Italy’s central bank says the country’s growth is feeble and is likely to remain that way.
Bank deputy director-general Ignazio Visco warned a weak economy is threatening the Rome government’s efforts to contain its massive debts.
“We risk a phase of stagnation, which would slow the decrease in the debt burden,” Visco told a Senate committee, He said Italy’s growth is ilkely to be under one percent this year and even weaker in 2012.
Visco spoke one day after Prime Minister Silvio Berlusconi backtracked on parts of a 45.5 billion euro austerity package intended to balance the budget by 2013.
To avoid splits within his coalition, Berlusconi scrapped a tax on high earners and is scaling back cuts to local authority funding.
A government statement contained little detail on how the government would make up for revenue lost due to the changes.
The package was passed in parliament this month to try to stem weeks of market turbulence that threatened to suck Italy into a Greek-style financial crisis.
It was agreed after heavy pressure from the European Central Bank, but has been criticised by groups ranging from employers’ federation Confindustria to the main trade unions, the opposition and even significant sections of the ruling coalition itself and is certain to be amended further in the coming weeks.
Central bank deputy director-general Visco said changes to the austerity package must include measures to boost growth in the euro zone’s third largest economy: “Balancing the budget has to be combined with economic policy aimed at reviving prospects for growth in our economy.”

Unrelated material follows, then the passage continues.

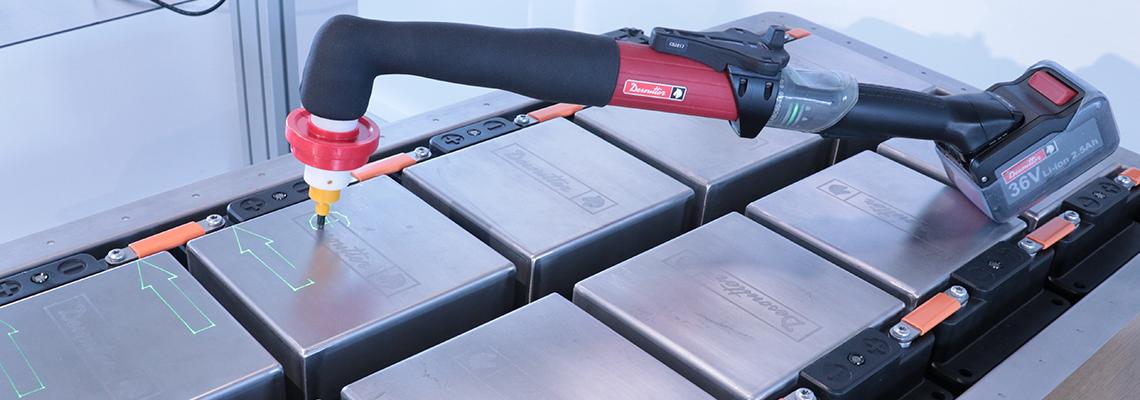 There are dozens of busbar screws on each battery pack. To minimize the quality risks, each one of them need to be tightened in the right place and at the right time. Due to the size, operator need to move around the battery pack during the assembly process. Therefore, not only a RTLS (Real-Time Location System) is needed, precise and intuitive operator guidance is crucial to ensure operator will not lose time finding the next screw to tighten.

At the same time the European Central Bank returned to the market to buy government Italian bonds.
The action was necessary because of weak demand at an auction of 7.7 billion euros worth of long term Italian bonds.
Traders said the ECB stepped in after the auction to buy significant amounts of 10-year Italian debt, halting the rise in yields, that is the level of interest that Rome has to offer on its bonds.
The auction will do little to alleviate the market’s central fear that Italy, seen as too big to be bailed out, will not be able to issue bonds at an affordable level to finance its huge 1.9 trillion euro debt burden.
Italy must still sell up to 90 billion euros in bonds this year and ECB purchases have been steadily decreasing.